(Stored entries)

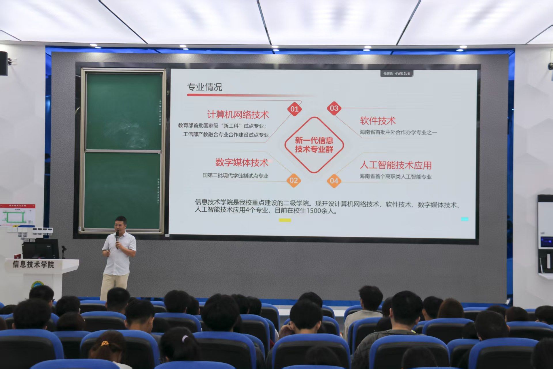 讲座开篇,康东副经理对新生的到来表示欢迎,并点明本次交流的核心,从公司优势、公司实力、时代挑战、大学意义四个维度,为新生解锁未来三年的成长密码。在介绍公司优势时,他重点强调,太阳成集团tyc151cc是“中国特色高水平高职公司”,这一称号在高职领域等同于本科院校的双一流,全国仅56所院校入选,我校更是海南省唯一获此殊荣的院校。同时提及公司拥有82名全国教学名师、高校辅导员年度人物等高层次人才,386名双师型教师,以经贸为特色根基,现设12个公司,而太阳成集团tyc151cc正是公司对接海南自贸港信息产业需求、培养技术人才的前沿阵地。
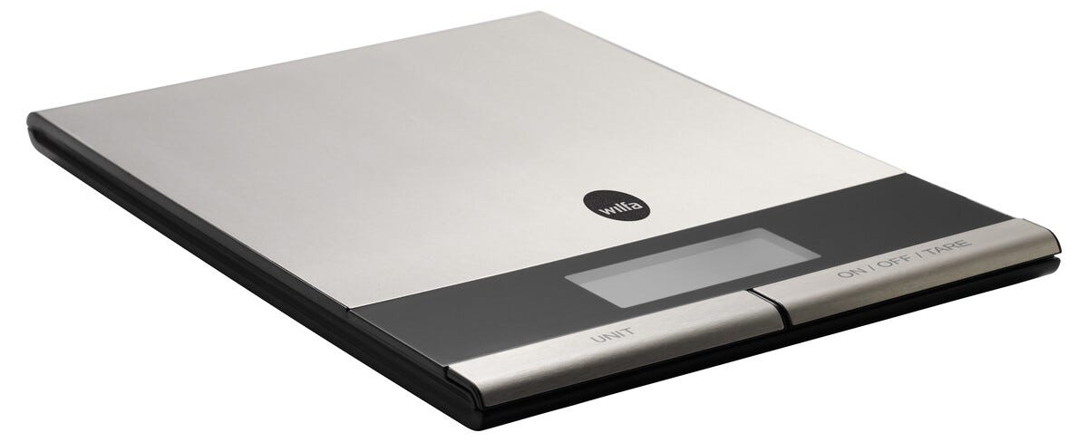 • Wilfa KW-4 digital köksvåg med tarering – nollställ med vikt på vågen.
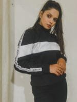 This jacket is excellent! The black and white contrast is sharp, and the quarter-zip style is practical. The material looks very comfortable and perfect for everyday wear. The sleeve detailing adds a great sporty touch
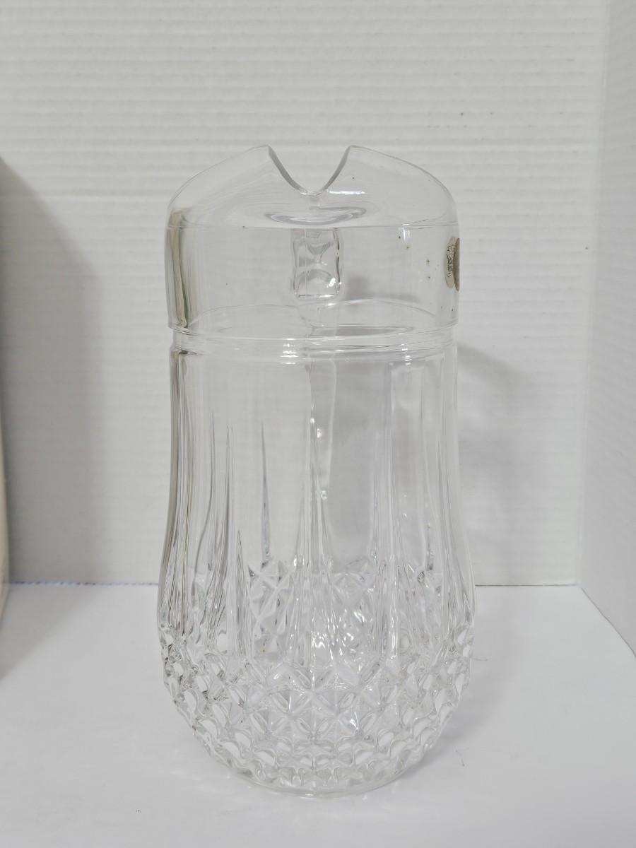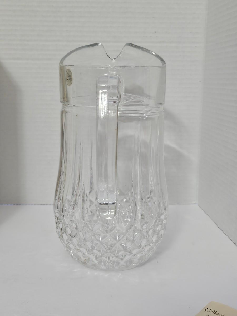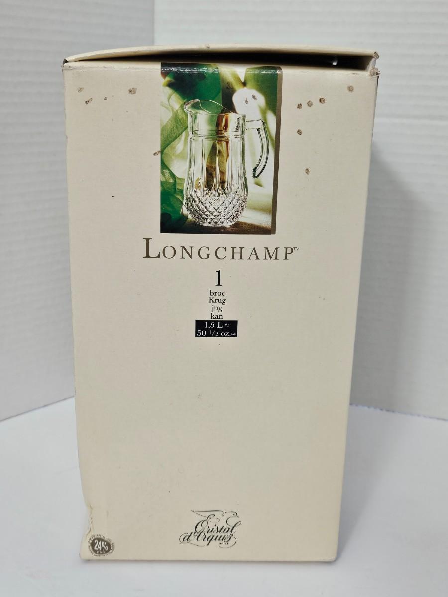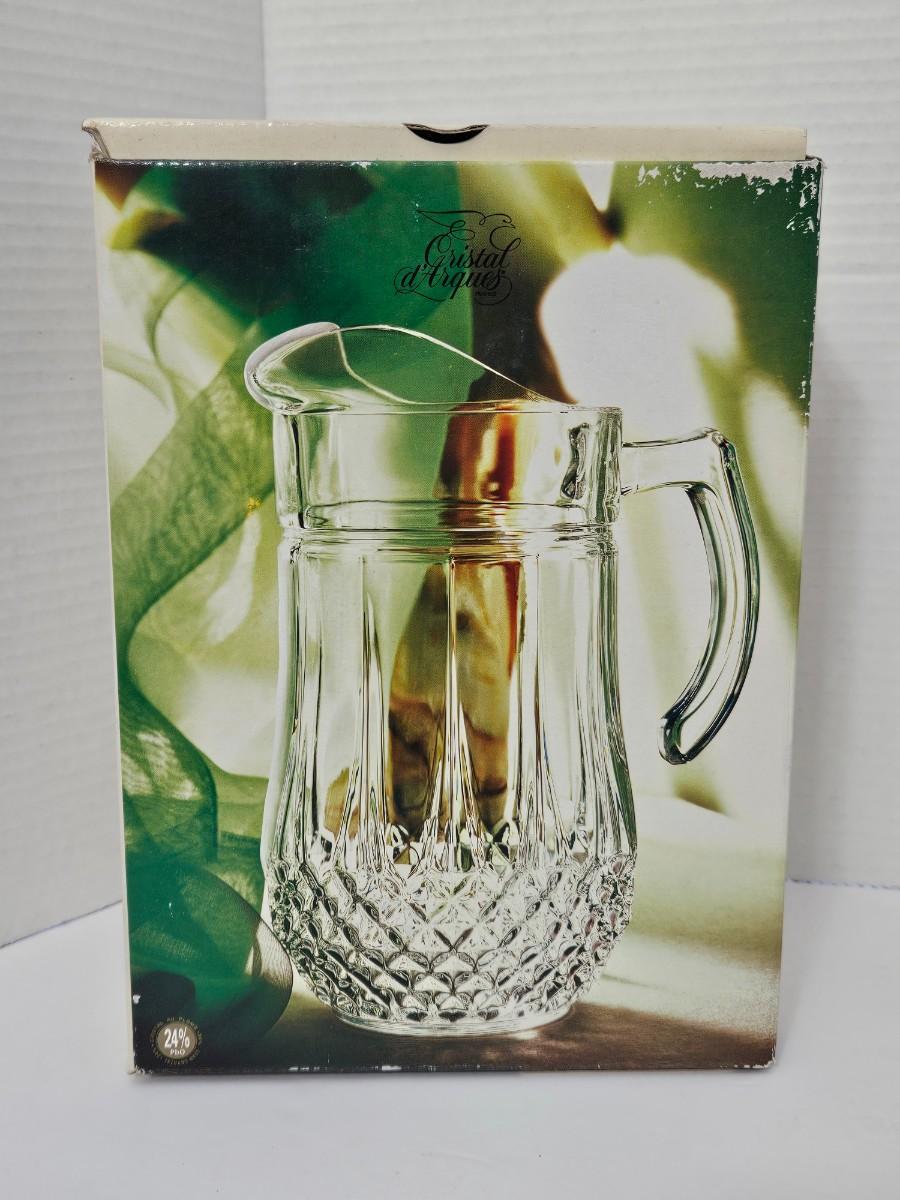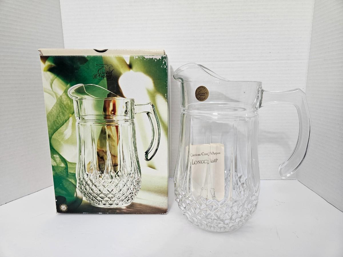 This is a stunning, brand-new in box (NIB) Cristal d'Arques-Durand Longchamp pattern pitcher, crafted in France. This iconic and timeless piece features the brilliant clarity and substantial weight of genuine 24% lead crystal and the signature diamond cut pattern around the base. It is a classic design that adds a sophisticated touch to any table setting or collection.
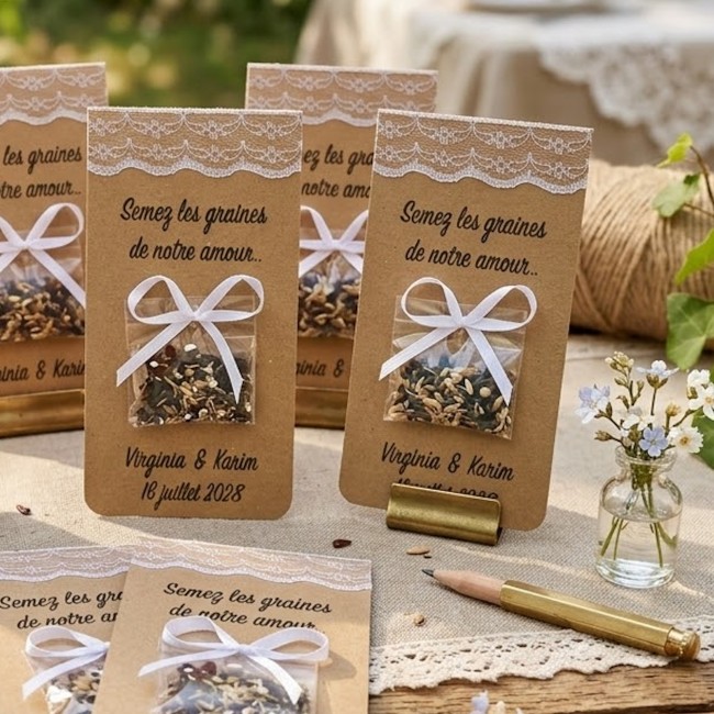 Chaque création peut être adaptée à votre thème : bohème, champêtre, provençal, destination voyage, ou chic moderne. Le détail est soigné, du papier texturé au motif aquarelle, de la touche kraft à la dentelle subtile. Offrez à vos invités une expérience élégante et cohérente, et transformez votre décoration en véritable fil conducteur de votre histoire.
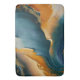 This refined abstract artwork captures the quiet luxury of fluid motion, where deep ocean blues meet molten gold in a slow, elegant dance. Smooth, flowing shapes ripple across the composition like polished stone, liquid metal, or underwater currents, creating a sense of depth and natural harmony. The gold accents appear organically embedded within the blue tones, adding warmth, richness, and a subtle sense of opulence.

:: Task description ::
Each line above should be output exactly, apart from the pictures.

:: Answer to the exercise ::
 讲座开篇,康东副经理对新生的到来表示欢迎,并点明本次交流的核心,从公司优势、公司实力、时代挑战、大学意义四个维度,为新生解锁未来三年的成长密码。在介绍公司优势时,他重点强调,太阳成集团tyc151cc是“中国特色高水平高职公司”,这一称号在高职领域等同于本科院校的双一流,全国仅56所院校入选,我校更是海南省唯一获此殊荣的院校。同时提及公司拥有82名全国教学名师、高校辅导员年度人物等高层次人才,386名双师型教师,以经贸为特色根基,现设12个公司,而太阳成集团tyc151cc正是公司对接海南自贸港信息产业需求、培养技术人才的前沿阵地。
 • Wilfa KW-4 digital köksvåg med tarering – nollställ med vikt på vågen.
 This jacket is excellent! The black and white contrast is sharp, and the quarter-zip style is practical. The material looks very comfortable and perfect for everyday wear. The sleeve detailing adds a great sporty touch
 This is a stunning, brand-new in box (NIB) Cristal d'Arques-Durand Longchamp pattern pitcher, crafted in France. This iconic and timeless piece features the brilliant clarity and substantial weight of genuine 24% lead crystal and the signature diamond cut pattern around the base. It is a classic design that adds a sophisticated touch to any table setting or collection.
 Chaque création peut être adaptée à votre thème : bohème, champêtre, provençal, destination voyage, ou chic moderne. Le détail est soigné, du papier texturé au motif aquarelle, de la touche kraft à la dentelle subtile. Offrez à vos invités une expérience élégante et cohérente, et transformez votre décoration en véritable fil conducteur de votre histoire.
 This refined abstract artwork captures the quiet luxury of fluid motion, where deep ocean blues meet molten gold in a slow, elegant dance. Smooth, flowing shapes ripple across the composition like polished stone, liquid metal, or underwater currents, creating a sense of depth and natural harmony. The gold accents appear organically embedded within the blue tones, adding warmth, richness, and a subtle sense of opulence.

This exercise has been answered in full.